14. What is the Address Resolution Protocol? How does it work?
Generally, computer applications use IP (Internet Protocol)addresses or logical addresses to transmit and receive messages. But the actual communication between two applications or systems takes place through physical or MAC (Media Access Control) addresses. Therefore, a protocol is needed to map the logical address to a physical address and get the endpoint MAC address. This protocol which translates IP addresses to MAC addresses is known as Address Resolution Protocol or ARP.
How ARP works:
Every computer in a Local Network Network(LAN) has an associated IP address for unique identification and communication.

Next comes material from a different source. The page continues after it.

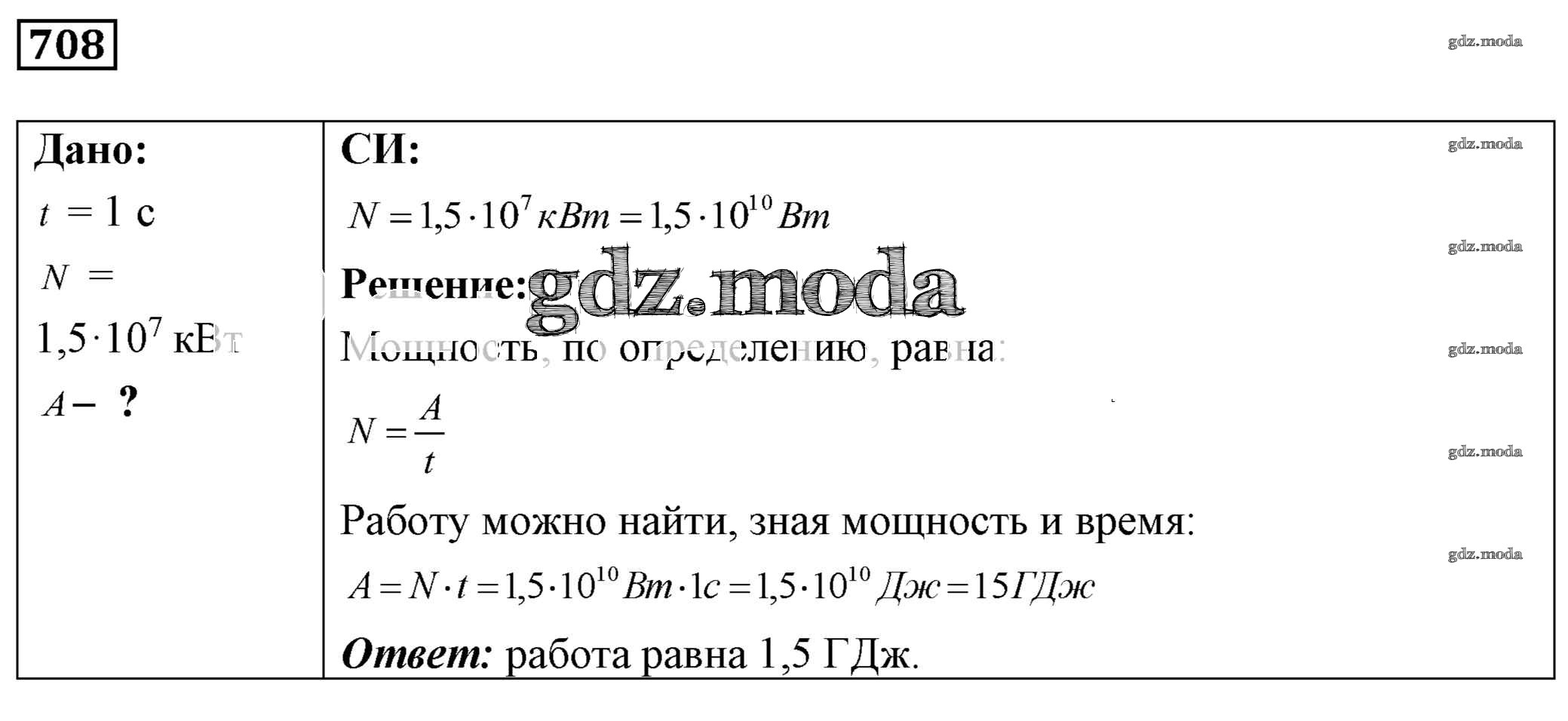 ОТВЕТ на задание № 708 Сборник задач по Физике 7-9 класс Лукашик
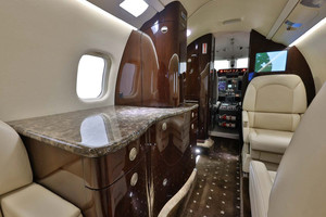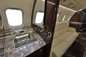 | Executive 8 Passenger Configuration Consisting of Forward Flight Deck Pocket Doors, Left-Hand Forward Cabinet, Right-Hand Forward Cabinet, Right-Hand 2-Place Executive Chairs, Opposite Galley Cabinet With WAVEJET Microwave, Aft Right 2-Place Executive Chairs, Opposite 3-Place Divan, Aft Belted Private Lavatory, Gogo ATG-5000 Wi-Fi, Airshow 4000 CD/DVD Player, Fwd and Aft Video Monitors, and 110-Volt and USB/C Outlets. |

If a system or a device wants to communicate with another system over the internet, then it broadcasts an ARP request packet to all the machines in its network.
The devices in the network remove the header from this data packet and transfer the packet to the network layer. This layer then validates the network ID of the packet with its destination IP’s network ID. If the two IDs are equal, then the source receives an ARO response enclosing the MAC address of the destination. Otherwise, the packet reaches the network gateway and is broadcasted to the rest of the machines it is connected with.
The above process continues until an ARP response is sent back with the destination MAC address.
15. What is a salted hash technique?
A salted hash is a transmission technique for passwords to make them stronger. This is done through a process called salting wherein the password is hashed with some special characters. This increases the password strength as it is now lengthy that too with a random set of characters making it difficult for hackers to crack it.
Cybersecurity covers a wide range of topics and you would want to cover as much as possible before facing the interviewer. This post on networking questions for interviews would have given you a good idea of what to expect during your interview. Additionally, do visit our post on ethical hacking to gain general information on cybersecurity.
Apart from going through the essential topics, be ready to demonstrate your passion for the role and practice a lot to perfect your responses.